Rocklöv, "Pek çok şehir aslında sıcaklıkla çok iyi başa çıkamıyor," diye ekliyor. "Uyum sağlamak zor."
'Herkes elini taşın altına koysun'
Rapor ayrıca, belirli iklim eylem türlerinin nasıl hayat kurtaracağına ilişkin veriler de sunuyor. Rapora göre, kömür kullanımından vazgeçilmesi ve bunun sonucunda daha temiz bir havanın sağlanmasıyla yaklaşık 160 bin hayat kurtarılabilir. Yenilenebilir enerji de daha sağlıklı bir çevre ve nüfus için etkili bir yol.
Daha fazla iklim eylemini teşvik edecek bireysel eylemlerin önemini vurgulayan Rocklöv, "Sera gazı emisyonlarımızı azaltmamıza, örneğin daha az hava kirliliği ile şehirlerimizi daha sağlıklı hale getirmemize ve daha sağlıklı beslenmemize yardımcı olmayı amaçlayan politikaları desteklemek önemli," dedi.

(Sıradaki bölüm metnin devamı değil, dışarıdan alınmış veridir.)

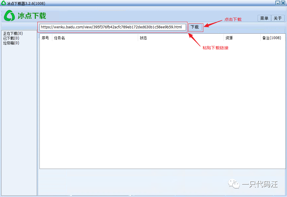 将链接复制然后粘贴到冰点文库下载器中,点击下载

İsveç'te yakın zamanda yapılan bir çalışma, et tüketiminin azaltılmasının gıda tüketiminin karbon ayak izini yılda yaklaşık 700 bin ton karbondioksit eşdeğeri kadar azaltabileceğini ortaya koydu.
Lancet çalışmasının yazarları, iklim değişikliği konusunda harekete geçmek, iklime daha uyumlu şehirler inşa etmek ve iklim değişikliğine bağlı ölümleri azaltmak için hükümetler üzerinde daha fazla baskıya ihtiyaç olduğunu düşünüyor.

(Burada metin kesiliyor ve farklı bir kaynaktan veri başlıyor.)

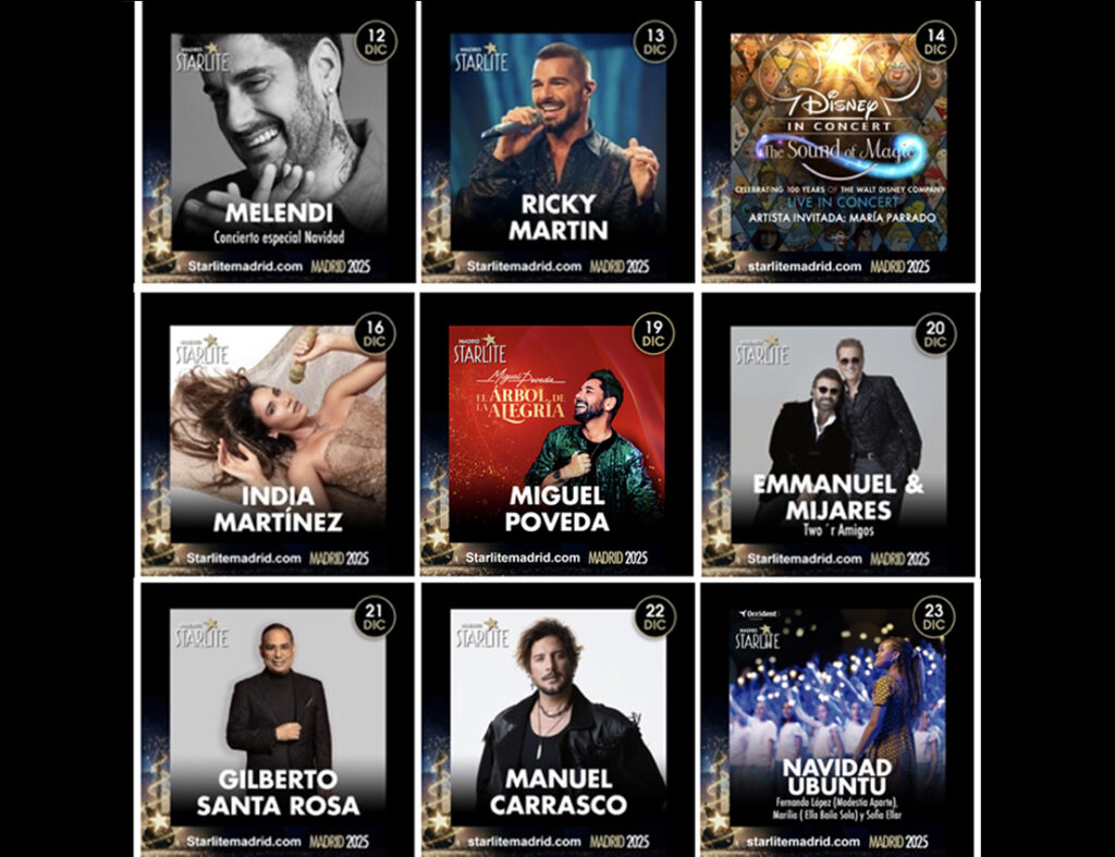 El cartel de STARLITE Madrid 2025 reúne a algunos de los nombres más destacados de la escena musical nacional e internacional, con una programación que celebra la diversidad de estilos y géneros. Entre los artistas confirmados se encuentran Melendi (12 de diciembre), Ricky Martin (13 de diciembre), India Martínez (16 de diciembre), Miguel Poveda (19 de diciembre), Emmanuel y Mijares (20 de diciembre), Gilberto Santa Rosa (21 de diciembre) y Manuel Carrasco (22 de diciembre), entre otros. También tendrán lugar espectáculos para los más pequeños: Disney in Concert: The Sound of Magic (14 de diciembre) y Navidad Ubuntu (23 de diciembre).

Lancet Countdown Eş Başkanı Profesör Anthony Costello bir basın açıklamasında, "Bazı hükümetler sürdürülemez, sağlıksız ve nihayetinde yaşanamaz bir statükoyu sürdürürken, dünyanın dört bir yanındaki insanlar nihai bedeli ödüyor," dedi.
"Yerel eylemlerden gördüğümüz ivmeyi geliştirmeliyiz: sağlığı koruyucu, eşitlikçi ve adil bir dönüşüm için herkesin elini taşın altına koyması gerekiyor."